3)How do I change it you can move it left even if it's in the right side of the tablet.

Also yes the driver is installed


----------



## ArielMT (Dec 25, 2009)

I found what I think are the setup instructions you need at TabletSetupWizardpen at Ubuntu Community Documentation.  The directions call for you to use the vim editor, but the directions can be followed exactly with any vi-compatible text editor or generally with any text editor.


----------



## CannonFodder (Dec 26, 2009)

I'm stuck on the last part
it says "info.product" but the part where I find out that isn't working.
It says Aiptek but the company is Genius.


----------



## ArielMT (Dec 26, 2009)

CannonFodder said:


> I'm stuck on the last part
> it says "info.product" but the part where I find out that isn't working.



The command grep -i name /proc/bus/input/devices didn't give the name of the tablet?



CannonFodder said:


> It says Aiptek but the company is Genius.



I saw that turn up in search results.  I have no idea if the brands are compatible, but I'd wager they are.


----------



## CannonFodder (Dec 26, 2009)

ArielMT said:


> The command grep -i name /proc/bus/input/devices didn't give the name of the tablet?
> I saw that turn up in search results.  I have no idea if the brands are compatible, but I'd wager they are.


Got it!
All I need to figure out now is how to make the mouse pointer move relative to how the pen is moving...
I don't think there's a way to do that though.


----------



## ArielMT (Dec 26, 2009)

If you mean making the pointer move relative to device movement, like a real mouse or touchpad, then true, there's no way that I know of.  A tablet, as far as I can tell, is essentially a miniature screen area: A point on the tablet surface always corresponds to the same pixel on the screen.


----------



## CannonFodder (Dec 26, 2009)

Alright
Oh real quick I accidently deleted Network Manager from my the panel, I still have it installed.  How can I put it back on there?


----------



## ArielMT (Dec 26, 2009)

Frankly, I'm amazed you're still able to use the 'Net with Network Manager installed but not running.

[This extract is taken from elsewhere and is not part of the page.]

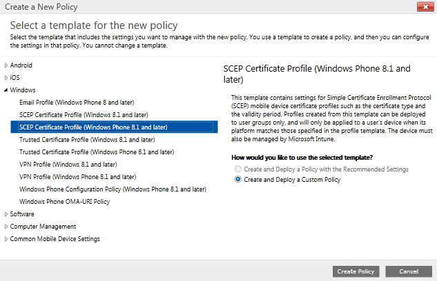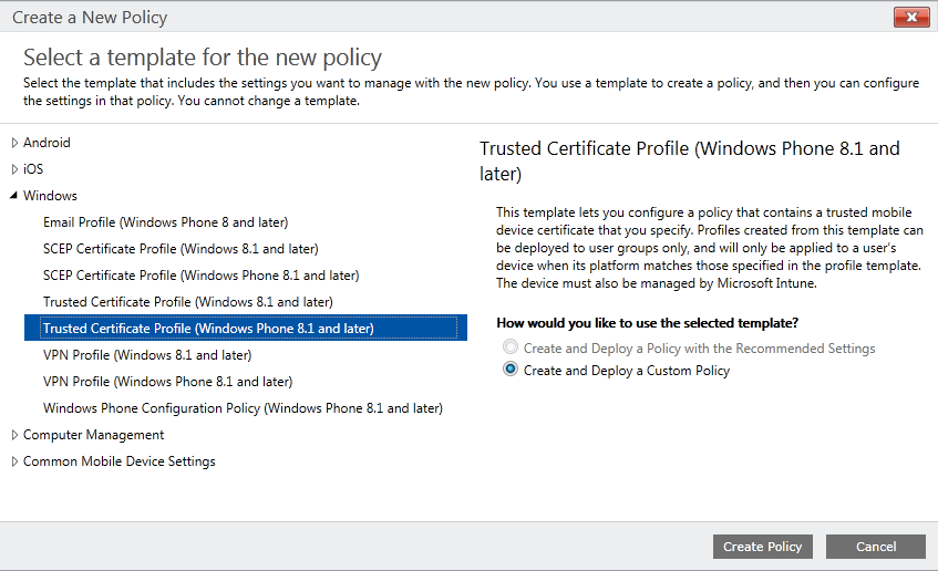• Select Trusted Certificate Profile (Windows Phone 8.1 and later) and click Create Policy

Anyway, Alt+F2 -> nm-applet --sm-disable

Edit: If you mean the area where Network Manager and other notification icons sit, then it's the Notification Area applet you want to add to the panel.  Right-click on an empty area of the panel, choose "Add to Panel," and choose Notification Area.  Once added back, either middle-drag the grippy or right-click the grippy and choose "Move" to put the applet where you want.


----------